Durante algún tiempo, en Roccanera no se habló de otra cosa. Algunos justificaban a Busoni y echaban toda la culpa a Odilia, que se había querido reír de él; otros aseguraban que doña Laura se había servido de una persona para indicarle a Busoni que don Juan y Odilia se entendían. Mientras tanto, Roberto estaba en la cama, inquieto y febril.
Al día siguiente se presentaron doña Laura y Rosa Malaspina a ver a Roberto.
—No le podrán ustedes hablar —les dijo donjuán—; tiene mucha fiebre. El médico ha dicho que le dejemos tranquilo.
Galardi abrió las cortinas de la alcoba y las dos damas vieron a Roberto en la cama, delirando.
Doña Laura comenzó a llorar. Al salir vio a Santa con su niña.
—¿Es su mujer de usted? —le preguntó a Galardi.
—Sí.
—¿Y su niña?
—Sí.
La Roccanera cogió a la niña en brazos, la besó y volvió a llorar.
El médico encontró que el estado de O’Neil no era nada bueno.
Galardi telegrafió al padre de Roberto. Pasaron los días y O’Neil no mejoraba. La herida y las antiguas fiebres le tenían extenuado.
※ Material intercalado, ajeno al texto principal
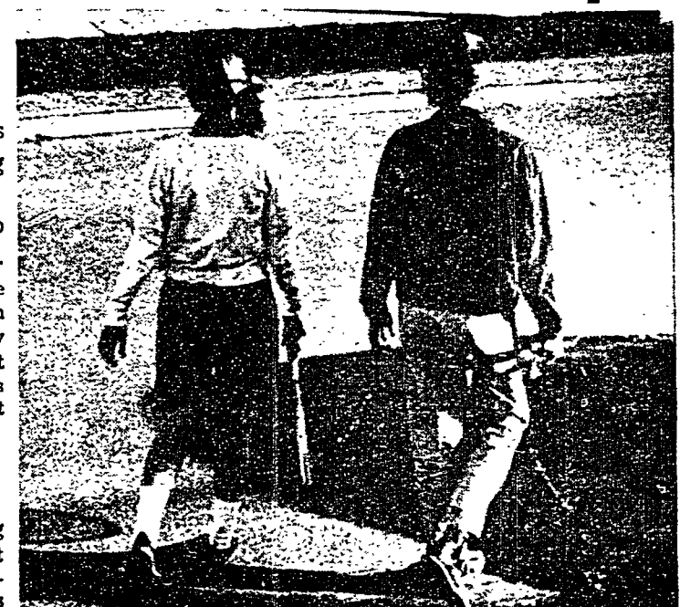
A COED, a guy, two rackets, but no tennis nets!

Roberto, desde el principio, creyó que no salía de aquélla. Les preguntó a Santa y a donjuán si no les gustaría ir a América; pero Santa no quería, y entonces decidió dejarles a los dos la granja del Laberinto.
Él tenía el convencimiento de que se iba a morir, y pidió a don Juan que quemara todos sus papeles y su cadáver en la playa y esparciera sus cenizas en el mar para desaparecer cuanto antes, para fundirse en seguida en el Gran Todo.
Santa y el hermano Bartolomé le suplicaron que no mandara esto último, y Roberto accedió.
—Por ella lo hago —le dijo a Galardi.
Una tarde, al anochecer, Roberto llamó a Galardi.
—Siento que me muero —le dijo—; llame usted a Santa y a la niña.
—¿Quiere usted que venga doña Laura y doña Rosa, que están aquí? —le preguntó Galardi.
—Sí; que vengan.
Roberto estrechó la mano a todos y poco después estaba muerto.
Se le enterró en el pequeño cementerio del parque.